### Records provided
- Opening Delimiter -

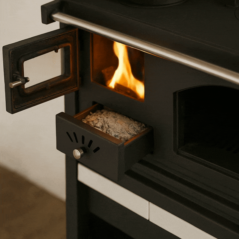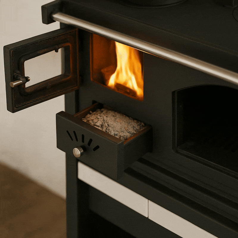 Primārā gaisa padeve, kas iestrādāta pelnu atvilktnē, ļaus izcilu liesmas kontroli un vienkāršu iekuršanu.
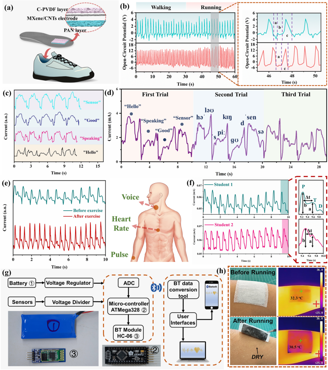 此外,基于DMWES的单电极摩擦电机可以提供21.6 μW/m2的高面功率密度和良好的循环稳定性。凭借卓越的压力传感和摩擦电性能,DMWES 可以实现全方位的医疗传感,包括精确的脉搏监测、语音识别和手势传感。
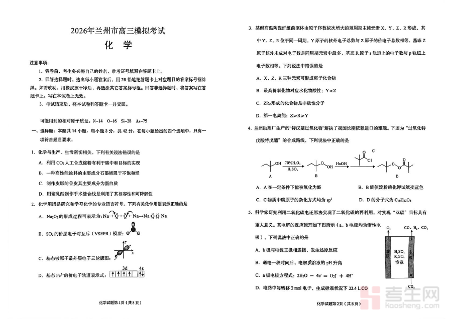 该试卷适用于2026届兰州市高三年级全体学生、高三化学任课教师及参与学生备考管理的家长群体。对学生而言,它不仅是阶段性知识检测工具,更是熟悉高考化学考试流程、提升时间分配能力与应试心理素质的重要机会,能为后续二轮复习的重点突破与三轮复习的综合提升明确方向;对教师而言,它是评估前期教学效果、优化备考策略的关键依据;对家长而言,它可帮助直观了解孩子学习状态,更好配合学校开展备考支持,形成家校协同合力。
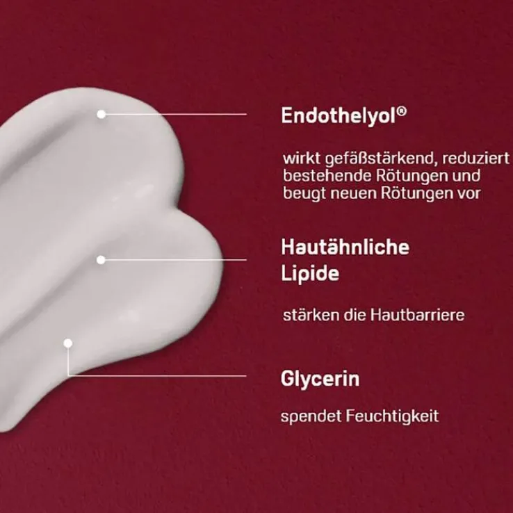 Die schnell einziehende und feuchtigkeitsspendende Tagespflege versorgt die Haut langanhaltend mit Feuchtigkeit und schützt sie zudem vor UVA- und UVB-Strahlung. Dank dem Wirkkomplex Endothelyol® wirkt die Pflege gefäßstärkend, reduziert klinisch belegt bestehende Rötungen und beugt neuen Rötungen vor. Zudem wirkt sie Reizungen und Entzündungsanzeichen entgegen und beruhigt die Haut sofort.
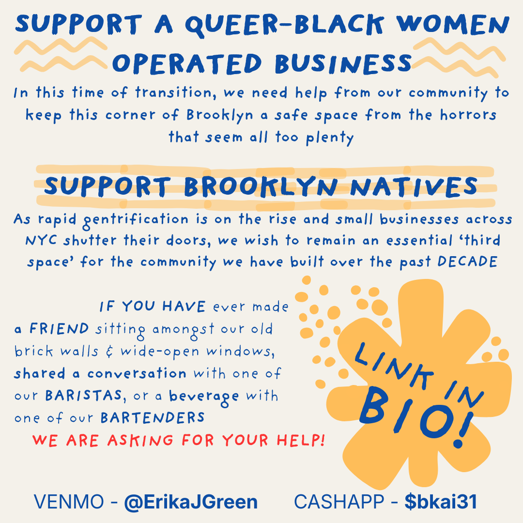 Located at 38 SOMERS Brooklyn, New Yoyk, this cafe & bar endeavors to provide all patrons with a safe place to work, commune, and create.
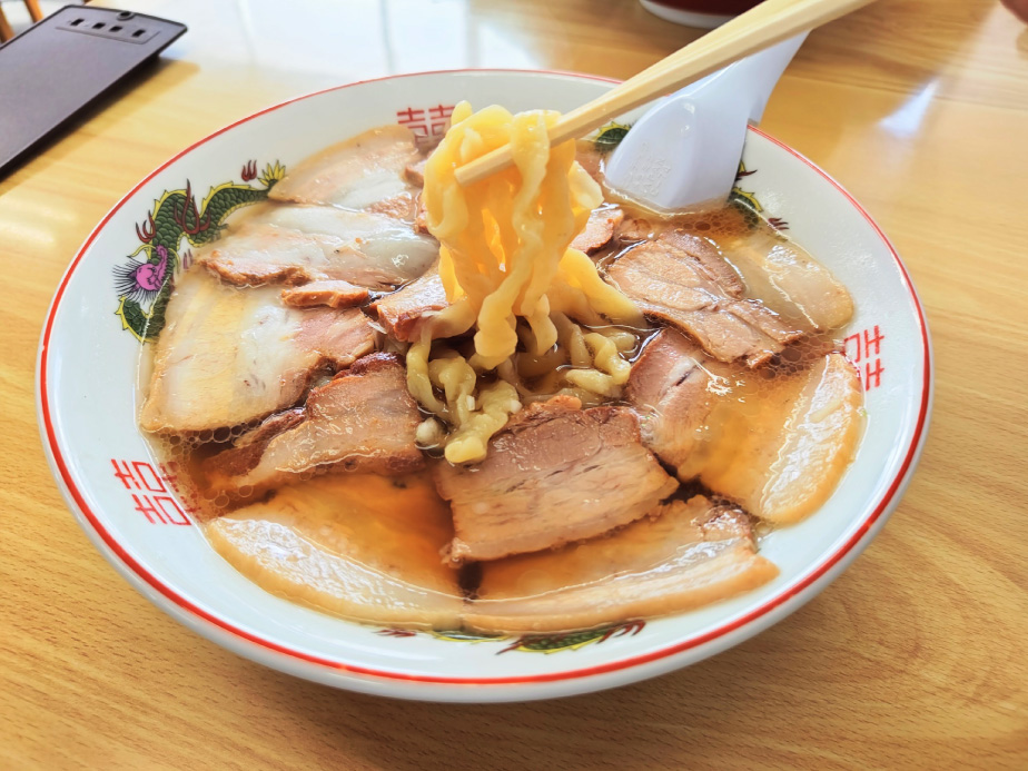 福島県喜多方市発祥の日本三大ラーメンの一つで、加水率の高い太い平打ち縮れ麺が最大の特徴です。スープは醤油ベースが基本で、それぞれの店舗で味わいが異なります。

- Closing Delimiter -

Beginning with the line that contains "Located at 38", output every line down to the last line of the entries above exactly as written, apart from the pictures.

 Located at 38 SOMERS Brooklyn, New Yoyk, this cafe & bar endeavors to provide all patrons with a safe place to work, commune, and create.
 福島県喜多方市発祥の日本三大ラーメンの一つで、加水率の高い太い平打ち縮れ麺が最大の特徴です。スープは醤油ベースが基本で、それぞれの店舗で味わいが異なります。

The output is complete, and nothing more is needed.